- [WHAT IS EXPECTED] Copy each line, word for word, from the one with "Das erste Spiel" through the final line of the listing, but skip the pictures.

- [SUPPLIED MATERIAL]
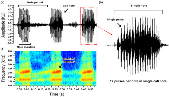 Oscillogram and sound spectrogram of advertisement calling from Japanese tree frogs. (a) oscillogram consisting of three call notes. Here we display the call note, note duration, and note period used to calculate call rate. (b) oscillogram consisting of single call note. Here we display a single pulse used to determine pulse per note. (c) Sound spectrogram composed of three call notes. Here we can see the dominant frequency of the advertisement calling.
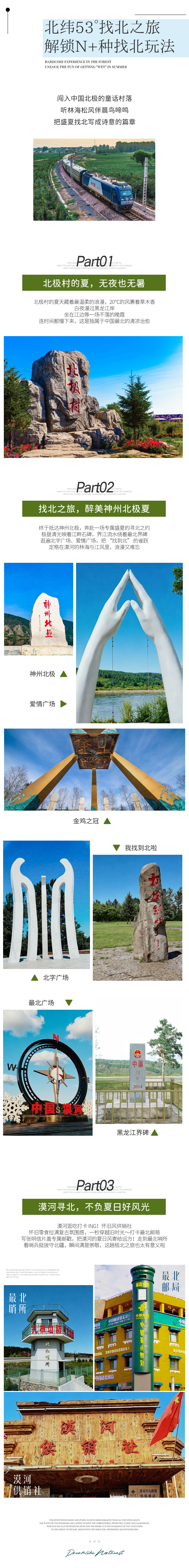 北极村-漠河供销社-最北邮局-最北哨所-鄂温克驯鹿园-打卡漠河舞厅-乘坐漠河-哈尔滨火车硬卧(80KM,车程约1小时)
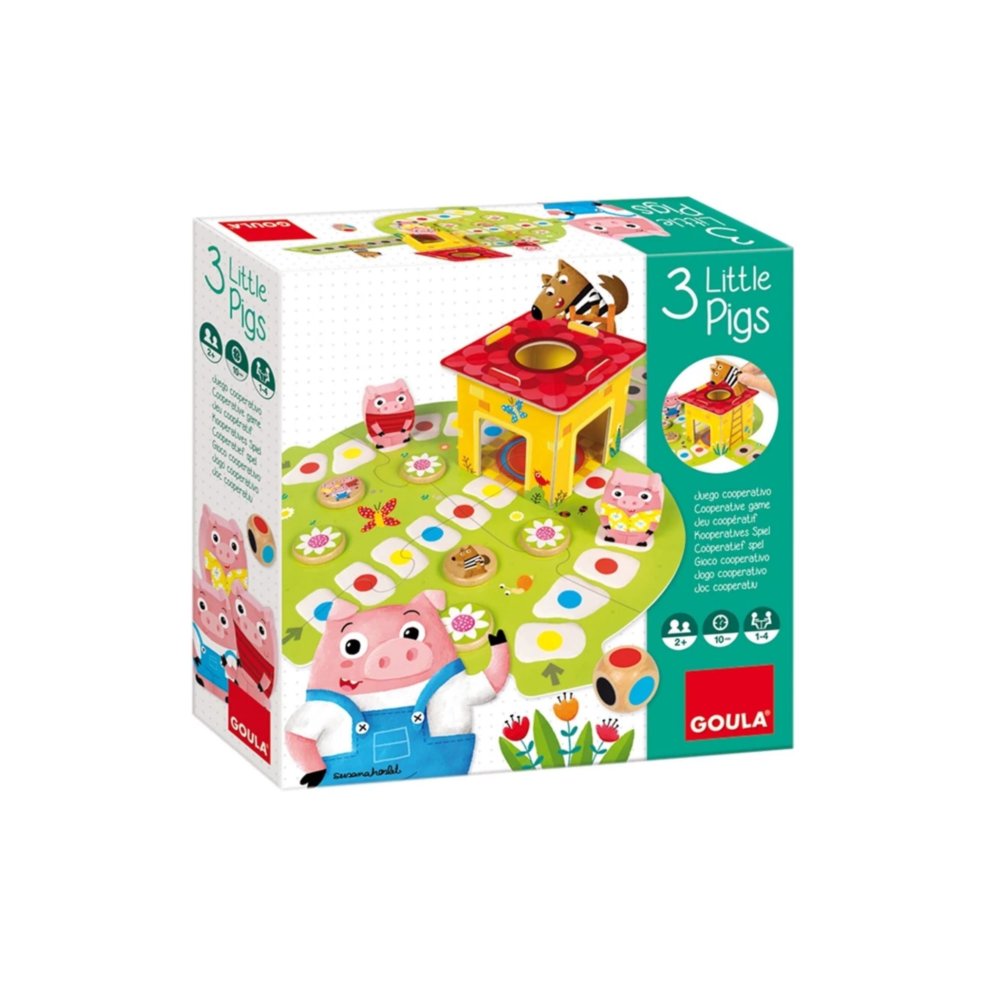 Das erste Spiel zum Zusammenspielen für die Allerkleinsten. Die drei kleinen Schweinchen müssen vor dem Wolf zu Hause sein. Einfache Regeln, elf grosse Holzteile, ein Puzzlebrett und ein dreidimensionales Haus zum zusammenstecken.
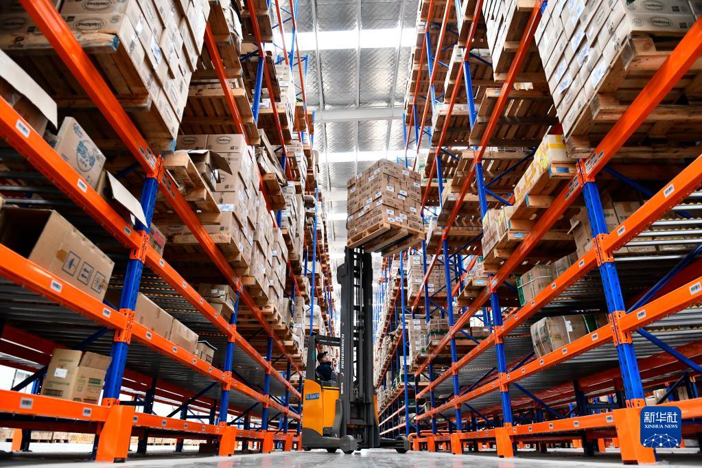 在臨沂商谷羅濱遜智慧物流園1號(hào)云倉,工作人員在貨架上取貨物(2020年11月21日攝)。新華社記者 郭緒雷 攝

- [COMPLETED TASK]
 Das erste Spiel zum Zusammenspielen für die Allerkleinsten. Die drei kleinen Schweinchen müssen vor dem Wolf zu Hause sein. Einfache Regeln, elf grosse Holzteile, ein Puzzlebrett und ein dreidimensionales Haus zum zusammenstecken.
 在臨沂商谷羅濱遜智慧物流園1號(hào)云倉,工作人員在貨架上取貨物(2020年11月21日攝)。新華社記者 郭緒雷 攝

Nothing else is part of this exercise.